Certain foods are particularly rich in healthful components such as antioxidants, B vitamins, and omega-3 fatty acids that are documented to support brain health. By incorporating as many of these foods into your diet as possible on a regular basis you are helping to improve the health of your brain, and this could translate into better mental function. According to research some of the best choices are also some of the same ones that help to protect your heart and blood vessels making them win-win.

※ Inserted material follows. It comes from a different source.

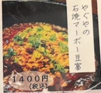
stone-grilled mapo tofu

Some of these choices include:
- Green leafy vegetables like spinach, collards, and broccoli are rich in vitamin K, lutein, beta carotene, and folate which are suggested to help slow cognitive decline.
- Fatty fish are great sources of omega-3 fatty acids and healthy unsaturated fats that are linked to lower blood levels of beta-amyloid proteins that can form clumps in the brain.
- Berries are excellent sources of flavonoids that have been shown to help improve memory and delay memory decline.
- Walnuts are great sources of healthy fats and protein that may help to improve memory.
- Tea and coffee can offer a short-term memory burst. Studies suggest they might also help to solidify new memories.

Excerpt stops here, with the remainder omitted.